(EXERCISE DATA)
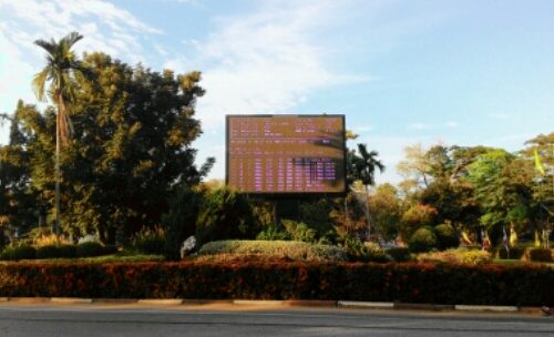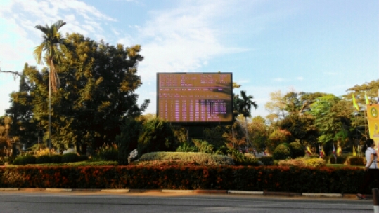 This is a huge Windows-driven LCD with which I gauge my arrival to the university every morning. It’s usually not on when I roll by the first time since I have a lot of early morning classes, but on free days I sometimes see diagnostic screens, Windows startup, and the plethora of error dialogs that the operator has to click through before getting to the day’s scheduled programming. Sometimes I dream of hijacking it for giggles. Posted from WordPress for Android
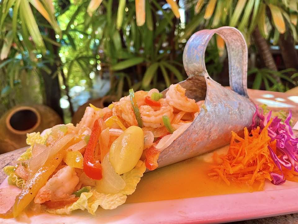 O ambiente é super agradável, tem amplo salão coberto com mesas e algumas com guarda-sol além de gazebos com cortinas naquele estilo instagramável que todo mundo adora. O cardápio é bem variado com massas, frutos do mar, carnes, etc. De entrada, casquinho de siri: pode ir de olho fechado que é uma delícia! Tem ainda sururu ao coco, camarão alho e óleo, panelinha de frutos do mar, etc. Para os que preferem outras opções, a casa oferece ainda costelinha barbecue, pasteis de frango, carne ou camarão, dadinho de tapioca, bolinho de bacalhau, caldinho de camarão, peixe ou feijão, entre outros.
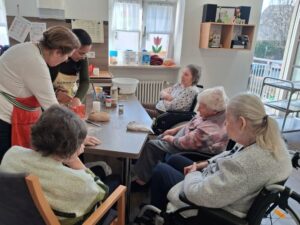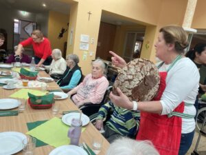 Am Samstag, dem 07. März, drehte sich im Mehrgenerationenhaus alles um das Thema Brot. In einem Wohnbereich wurde gemeinsam Brot gebacken. Der Duft von frisch gebackenem Brot zog durch das ganze Haus und sorgte für eine gemütliche Atmosphäre. Am Abend kamen alle im Speisesaal/Wintergarten zusammen. Dort wurde ein großes Steinofenbrotrad traditionell von Hand aufgeschnitten. Dazu gab es verschiedene Aufstriche wie Kräuterquark und Griebenschmalz, sowie Butter mit frischem Schnittlauch. Während des gemeinsamen Essens wurde gerätselt und gelacht. Die Bewohnerinnen und Bewohner beantworteten Fragen rund ums Brot – z.B., wie das Endstück eines Brotes genannt wird. Begriffe wie „Ringele“, „Kanten“ oder „Knorz“ Wurden genannt und sorgten für viele Schmunzler. Auch bekannte Sprichwörter rund ums Brot wurden erraten, etwa „In der Not schmeckt die Wurst auch ohne Brot“ oder „Trocken Brot macht Wangen rot“. Darüber hinaus erfuhren die Teilnehmenden auch etwas über die Geschichte des Brotes. Schon im alten Ägypten wurde Brot gebacken und gehört damit zu den ältesten Grundnahrungsmitteln der Menschheit. Organisiert und begleitet wurde der Nachmittag und Abend von Petra Dlugosch vom Mehrgenerationenhaus sowie Parya Etemadi. Ein herzliches Dankeschön an die zwei, sowie dem Personal der sozialen Betreuung.
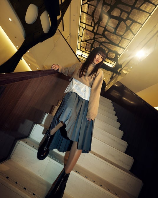ニット ¥22,000(税込)・シャツ ¥30,800(税込)・スカート ¥38,500(税込)
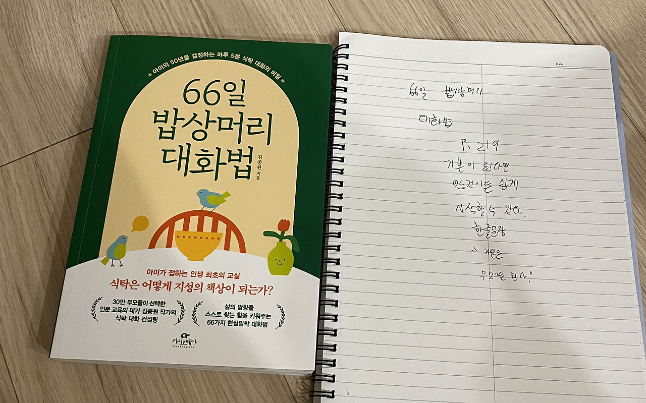 2. 66일 밥상머리 대화법 219p를 읽고 중3 필사
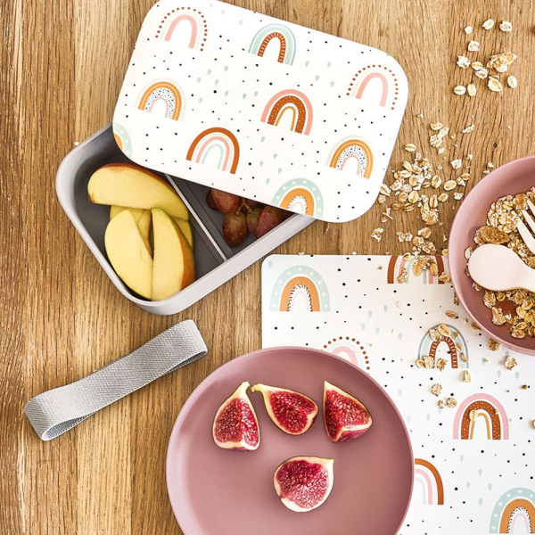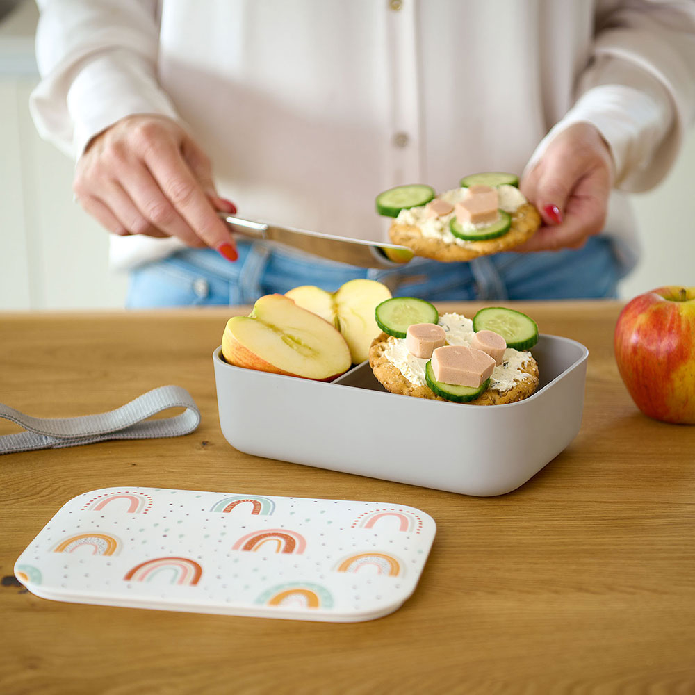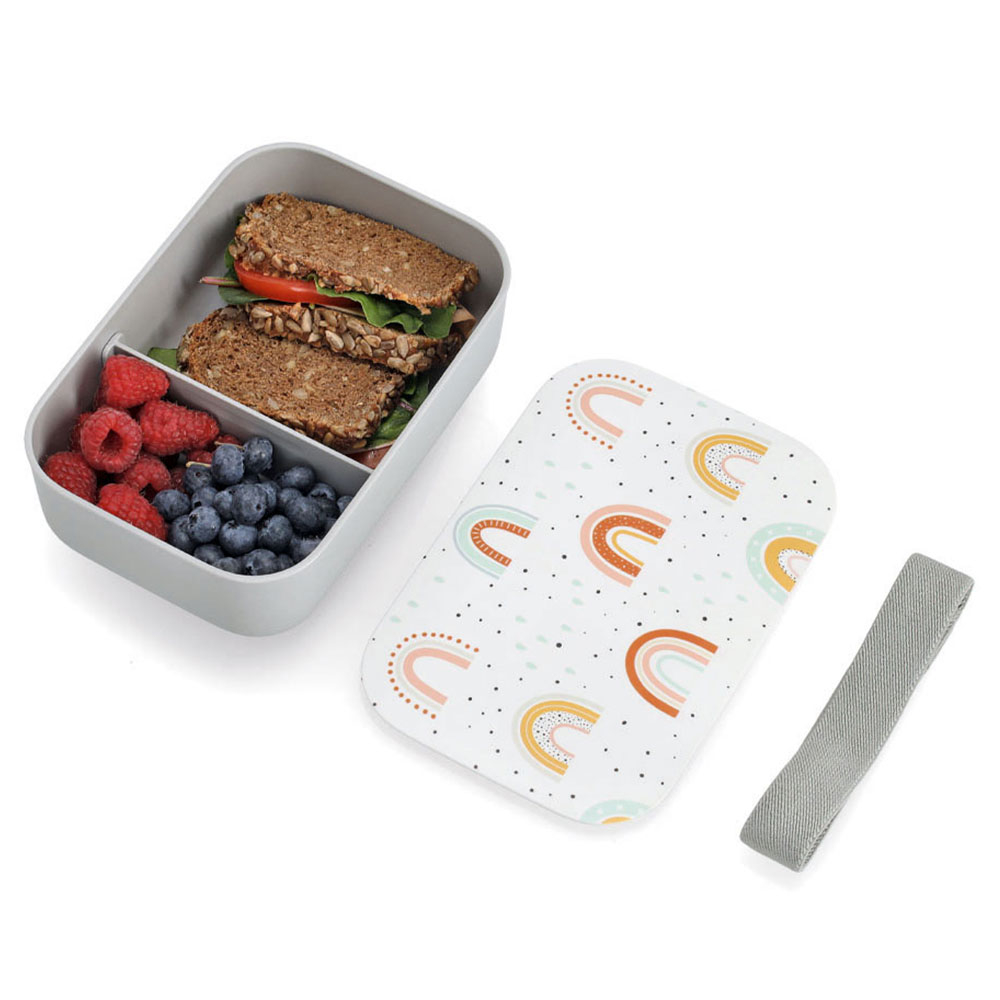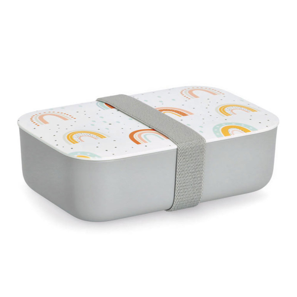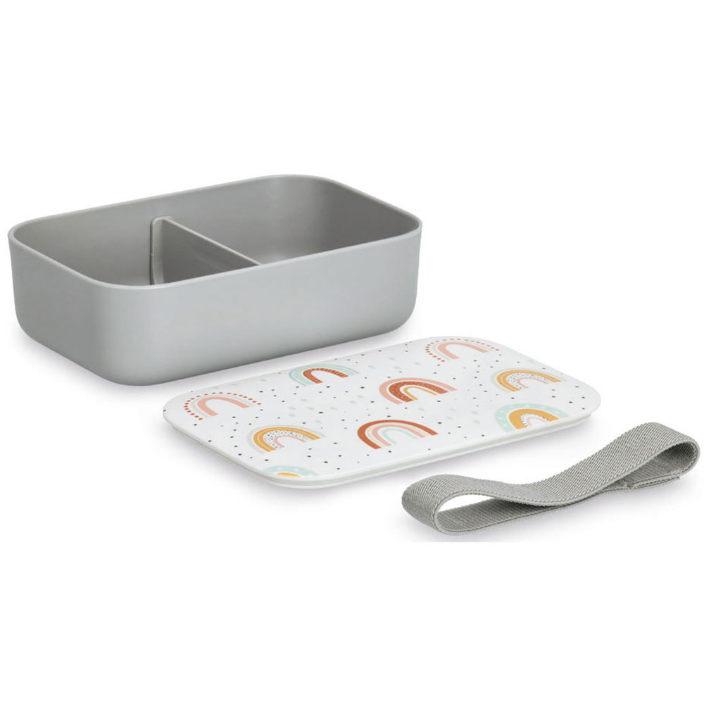 Ορθογώνιο φαγητοδοχείο τύπου bento box σε γκρι χρώμα με λευκό καπάκι και πολύχρωμο σχέδιο με ουράνιο τόξο. Είναι κατασκευασμένο από πλαστικό υλικό (ανθεκτικό PET). Διαθέτει μετακινούμενο διαχωριστικό τροφίμων για να χωρίζετε τις μερίδες όπως επιθυμείτε. Μπορεί να κλείσει με ασφάλεια καθώς διαθέτει λάστιχο συγκράτησης. Το καπάκι διαθέτει δακτύλιο σιλικόνης για αεροστεγή κλείσιμο. Ιδανικό για αποθήκευση και μεταφορά μεσημεριανού γεύματος, φρούτων και σνακ του παιδιού.

(EXERCISE AIM)
Please reproduce nothing but the lines from the one containing "ニット ¥22,000(税込)・シャツ ¥30,800(税込)・スカート" through the closing line of the listing, retyped word for word, pictures excluded.

(ANSWER TO THIS EXERCISE)
ニット ¥22,000(税込)・シャツ ¥30,800(税込)・スカート ¥38,500(税込)
 2. 66일 밥상머리 대화법 219p를 읽고 중3 필사
 Ορθογώνιο φαγητοδοχείο τύπου bento box σε γκρι χρώμα με λευκό καπάκι και πολύχρωμο σχέδιο με ουράνιο τόξο. Είναι κατασκευασμένο από πλαστικό υλικό (ανθεκτικό PET). Διαθέτει μετακινούμενο διαχωριστικό τροφίμων για να χωρίζετε τις μερίδες όπως επιθυμείτε. Μπορεί να κλείσει με ασφάλεια καθώς διαθέτει λάστιχο συγκράτησης. Το καπάκι διαθέτει δακτύλιο σιλικόνης για αεροστεγή κλείσιμο. Ιδανικό για αποθήκευση και μεταφορά μεσημεριανού γεύματος, φρούτων και σνακ του παιδιού.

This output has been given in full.